Aturde el silencio de los cuerpos yacientes, todavía sin reposo, envueltos en gruesas
cobijas que los aíslan hasta de nuestras miradas que terminan siendo igual o más frías -
empañadas y apañadas, por la tecnología ídem– que las temperaturas in situ.
En la guerra solo convive el caos generado por el poder de la maldad. Aquello que nació
en el hombre cuando la oscuridad lo asaltó por dentro, llevando a exponer entonces su
temor para producir lo inevitable: destrucción y muerte.
Todo develado, todo expuesto, nada oculto. Lo mediático transmite con supuesta y
calamitosa veracidad la realidad de la guerra. Suma cifras, estadísticas, listados, rostros.
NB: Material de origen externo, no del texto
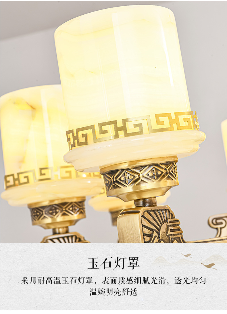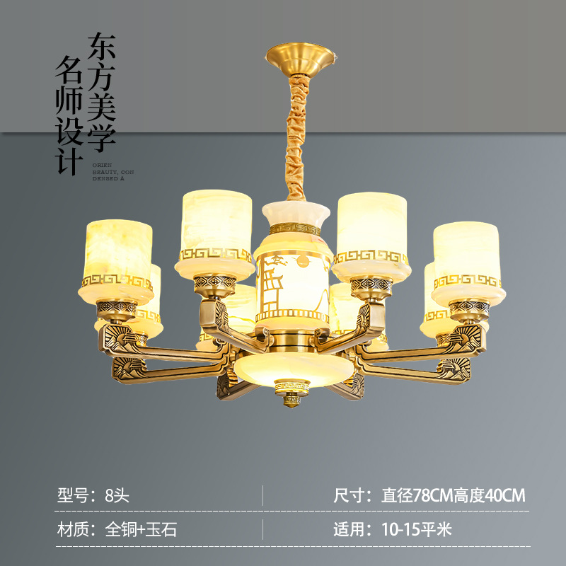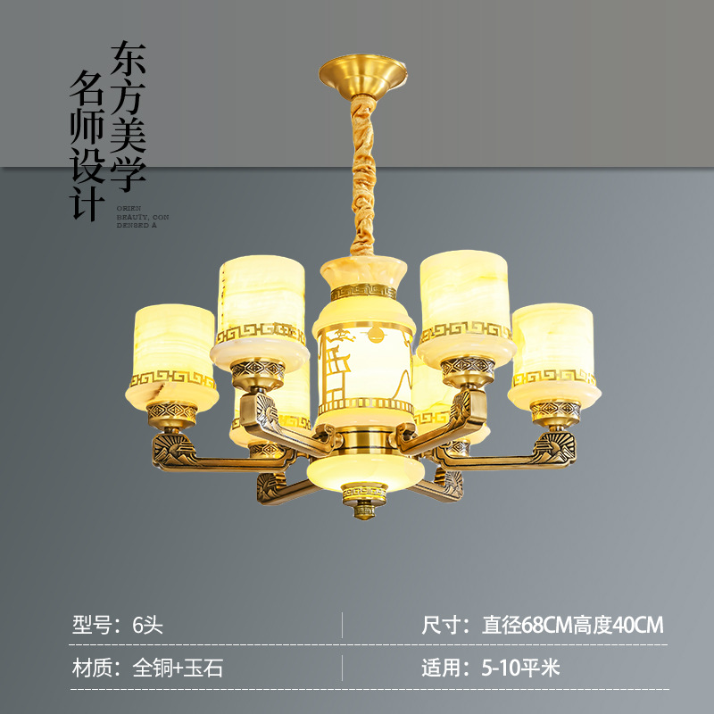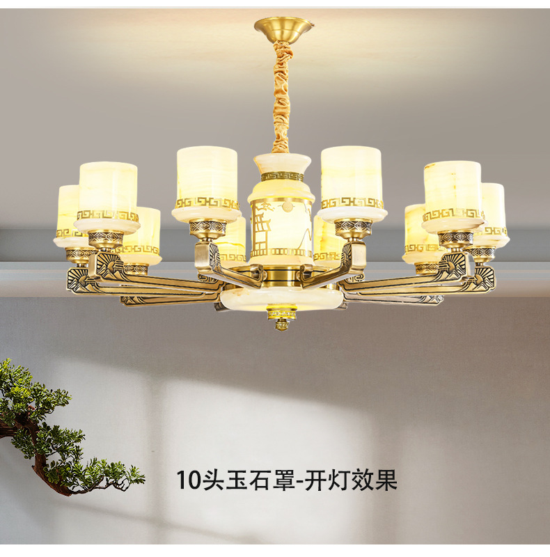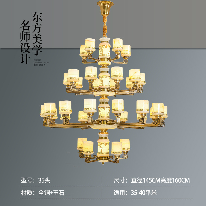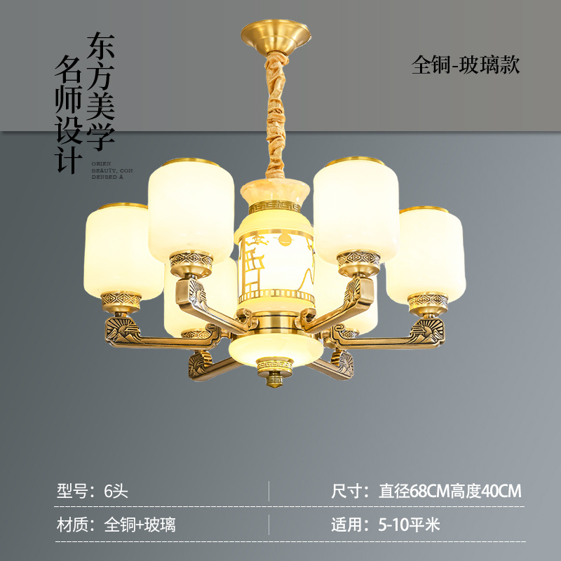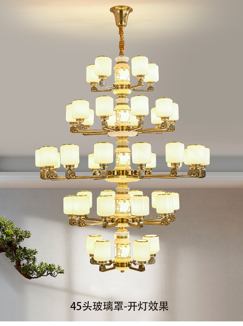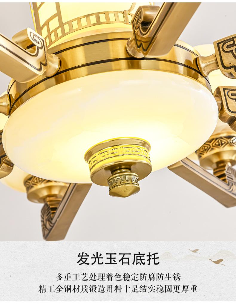 새로운 중국 스타일 모든 구리 옥 거실 샹들리에 트윈 빌딩 빌라 2024 새로운 중국 스타일 선 레스토랑 램프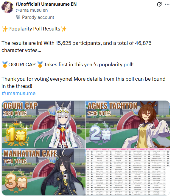 What's surprising is that Creek and Tamamo didn't get much of a CinGrey bump, since Oguri won.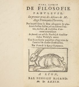 LARIVEY (Pierre de) - Deux livres de Filosofie Fabuleuse. Le premier prins des discours de M. Ange Firenzuola Florentin, Par lequel souz le sens allegoric de plusieurs belles fables, est monstrée l'envie, malice, & trahison d'aucuns courtisans. Le...
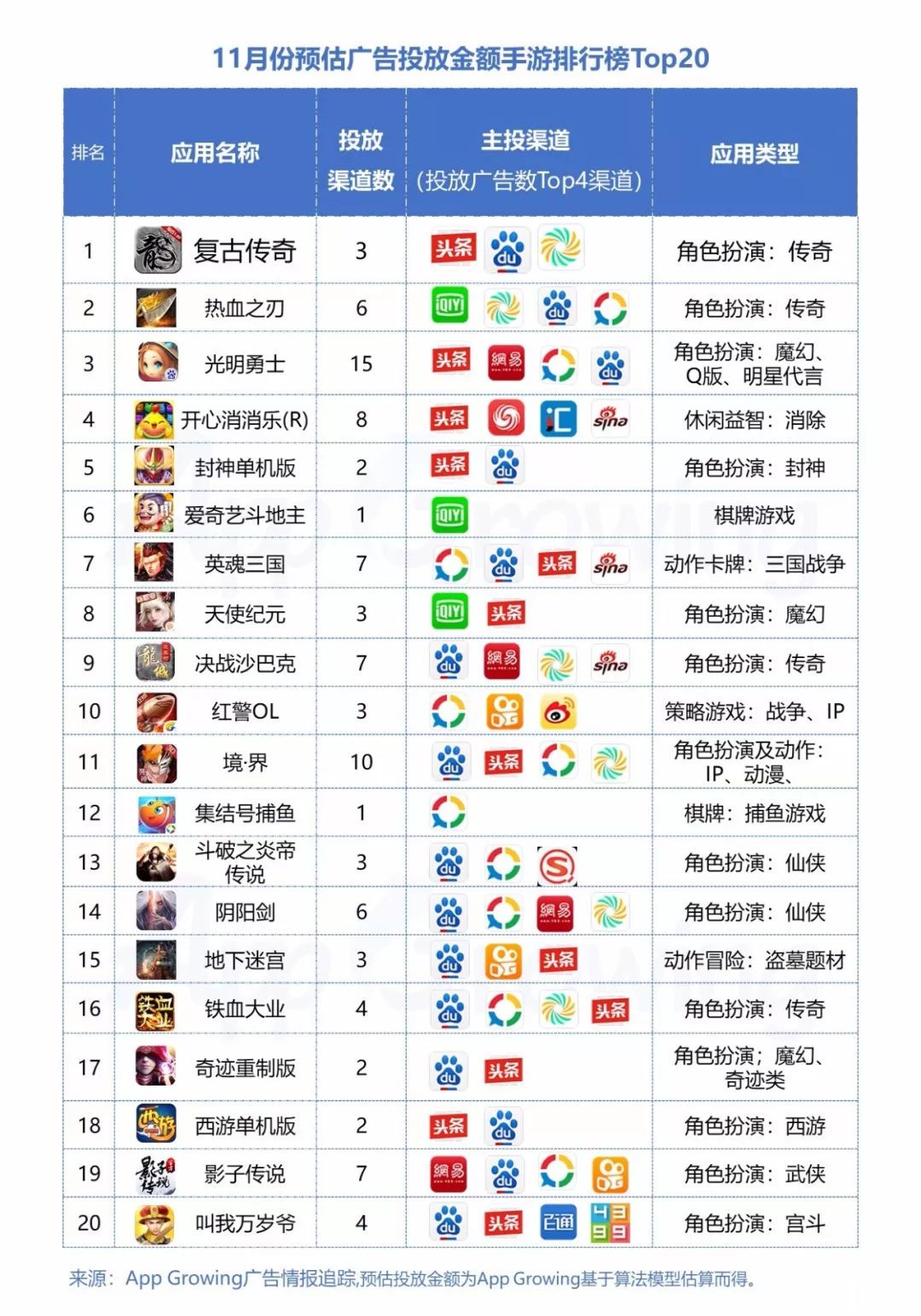 基于App Growing算法预估不同手游的投放金额,梳理出11月份预估广告投放金额游戏排行榜Top20,其中传奇类手游《复古传奇》及《热血之刃》分类第一及第二名。

Apunta más declaraciones de guerra, entre avances y amenazas, bravuconerías e
insultos, vaticinios y predicciones, diplomacia falsa y documentos ficticios, promesas y
transgresiones a la orden del día.
Registro en vivo y directo, sin pausa ni tregua. Tampoco los shows que deben continuar,
los que no paran nunca: el showbussiness y el deporte, que fungen como armas
disuasorias, anestesiantes, evasivas. Y entonces la guerra queda en los intermedios
como “espacios comerciales” de una realidad desapercibida.